There's a sad irony to my blog timing today: just a couple of hours after posting about the ongoing idiocies of Tim Russert, I saw the news that William F. Buckley, Jr. had died. My politics were almost completely opposed to Buckley's (especially on topics like McCarthyism), and the pernicious effects that National Review continues to have on American discourse, as both ongoing journal and model for neo-con obfuscation and arrogance, can't be denied. At the same time, I felt a genuine sadness, as if a graceful family member, a lovably wry uncle or something, had passed away.

That connection is probably not coincidental: much of my family is more conservative than I am, and National Review and Buckley's various novels were often littered around my parents' and grandparents' homes. I remember many ads for the magazine running on daytime TV as a child (including one with Tom Selleck praising the magazine's jokes: "It's a very funny magazine!," Magnum guffawed). And Buckley himself seemed to be a constant televisual presence, his New England accent, playfully snobbish demeanor and crinkly smile making him a real-life Charles Emerson Winchester III.

As a presence, Buckley was a study in contradictions: simultaneously charming and reactionary, welcoming and dismissive, playful and moralistic. He was, until the end of his life, a genuine conservative-- a believer in small government, in national service, and individual rights, and eventually an opponent of the Iraq War and its ballooning follies and fallacies. At the same time, the journal he founded has often housed some of the worst excesses and most idiotic voices (George Will, David Brooks) of the neo-conservative movement that would pervert and eventually destroy conservatism (Buckley himself once penned a strange defense of Joseph McCarthy, a kind of forerunner to today's conservative mea culpas). One could be charmed by Buckley's style, and forget that it acted as a Trojan horse for policies that were often fairly destructive.

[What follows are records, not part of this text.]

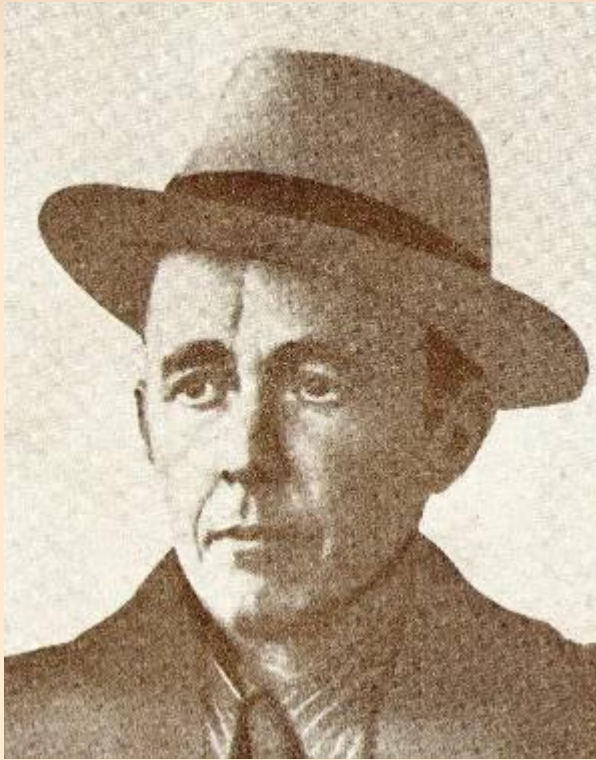
Солженицын после выписки из онкодиспансера

Сразу после освобождения у Солженицына обнаруживают страшную болезнь – рак. Приговор врачей – жить осталось не больше трех недель. Однако Солженицын не умер, излечился и осознал это как «божье чудо». Солженицын становится человеком религиозным.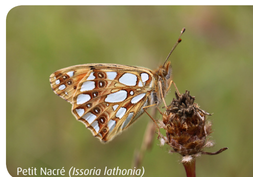
Petit Nacré ( Issoria lathonia )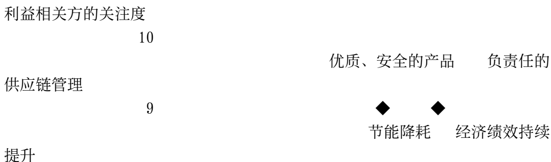
图表2 实质性议题矩阵表

公司将所有议题纳入一个议题矩阵, 分别体现利益相关方的关注度(纵向优先度)和对公司的影响(横向优先度)。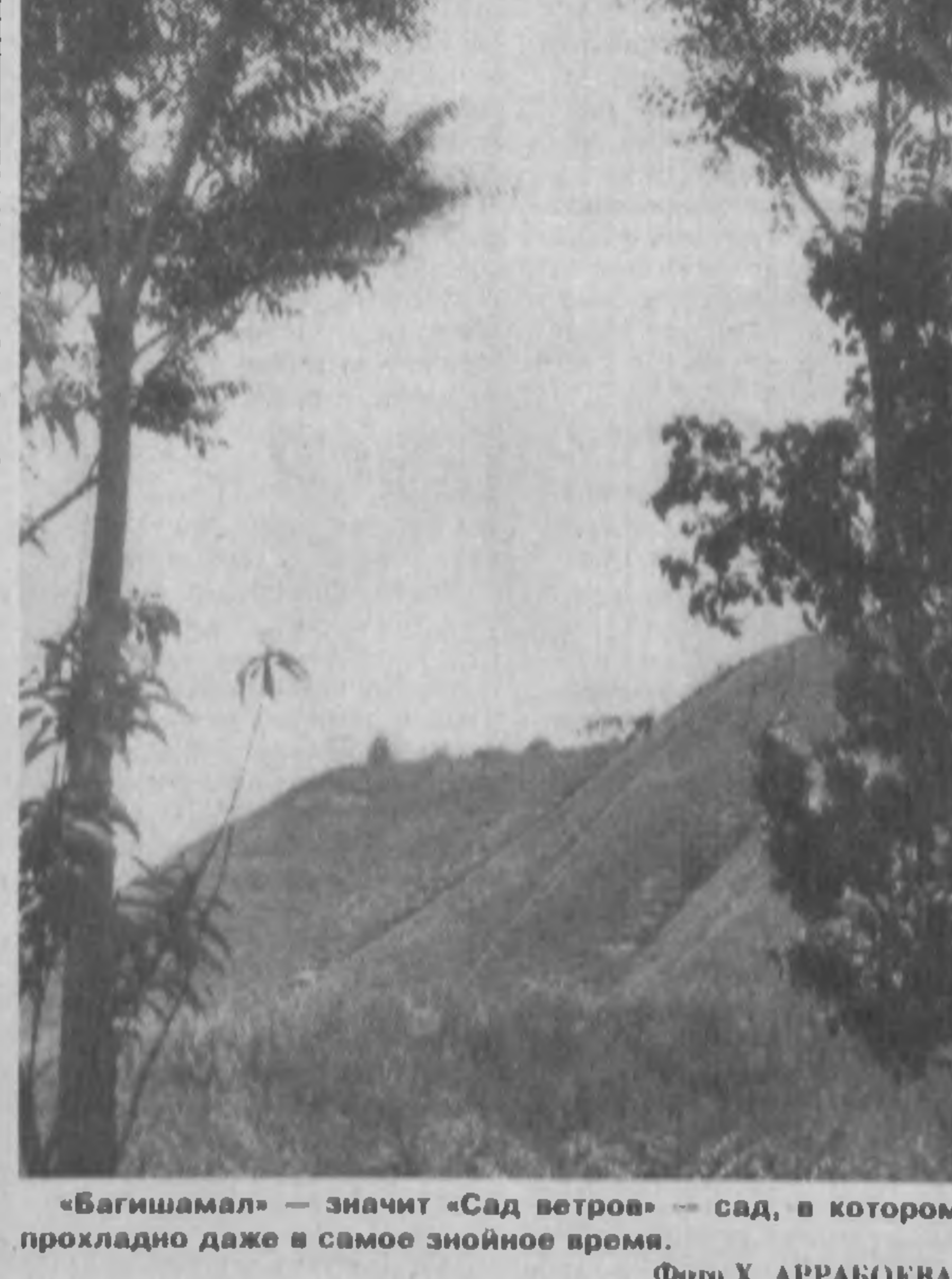
«Багшишамал» — значит «Сад ветров» — сад, в котором прохладно даже в самое знойное время.

«Бизнес-имкон» — так называется основным в Андижанской области организация, призванная помочь начинающим и уже состоявшимся предпринимателям осуществить задуманное дело. Организация «Бизнес-имкон» по инициативе и при непосредственном участии областного управления Комитета по экономическим реформам и развитию предпринимательства и Андижанского института экономики и инженерии.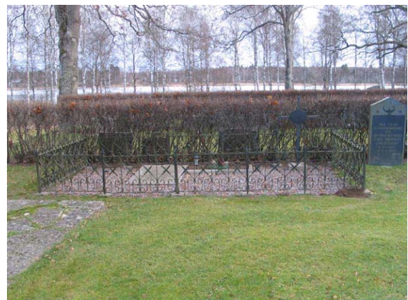
Smidesvård i kvarter IV (KI Fågelfors kyrkog 116)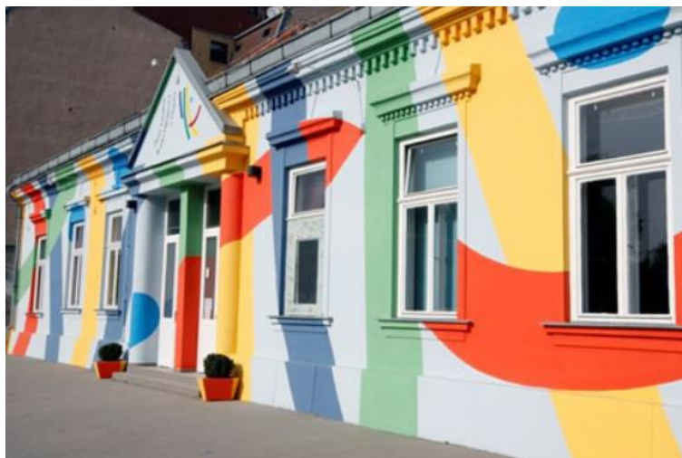
Slika 11. Dječje kazalište Branka Mihaljevića Osijek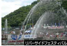
リバーサイドフェスティバル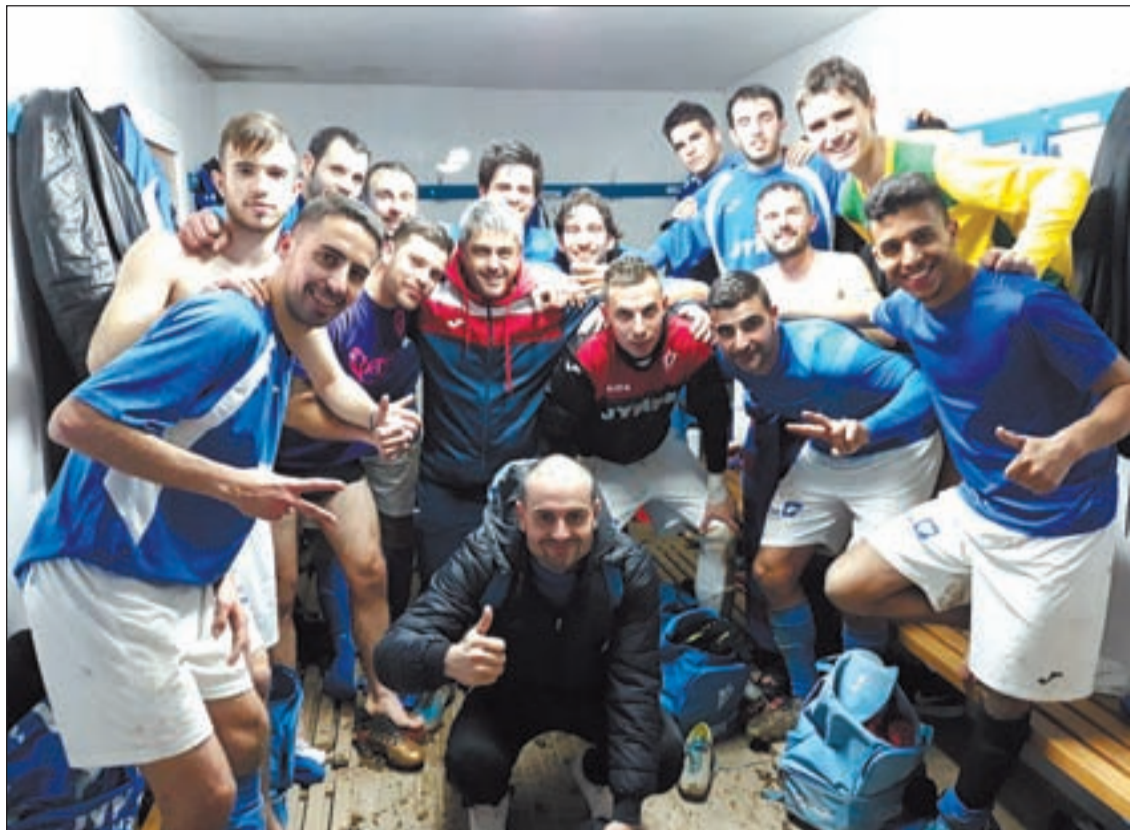
La plantilla del Castellserà volvió a celebrar un triunfo tras tres jornadas sin hacerlo

El Tàrrega no falla y suma la undécima victoria consecutiva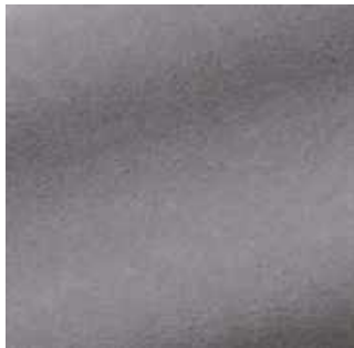
Tourterelle - 022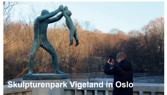
Skulpturenpark Vigeland in Oslo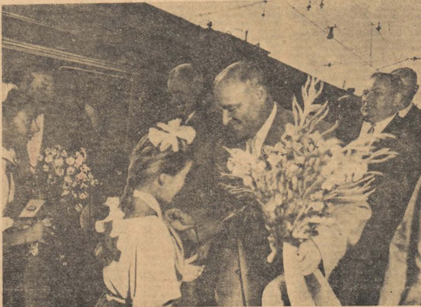
La sosirea în gara din Leningrad

Nava cosmică „VOSTOK - 2“ pilotată de maiorul sovietic Gherman Titov a efectuat cu succes un zbor de unghă durată în jurul Pământului.

I suspect, in a way, that contradiction was the point: more than anything-- agree or disagree with him-- Buckley seemed to relish debate and genuine conversation, to take intellect seriously in a way that looks almost alien today. His sparing with Gore Vidal or Noam Chomsky, his provocative magazine pieces or book-length essays, his droll epater le bourgeois (on PBS, no less!) worked to stimulate that discussion, to open up the American political discourse to a battle of ideas. That I disagreed with nearly all of his positions isn't the point: Buckley seemed like someone it would've been genuinely interesting to talk to, about politics, literature, or a Brahms concerto. And in that, he will be missed. R.I.P., William F. Buckley, Jr.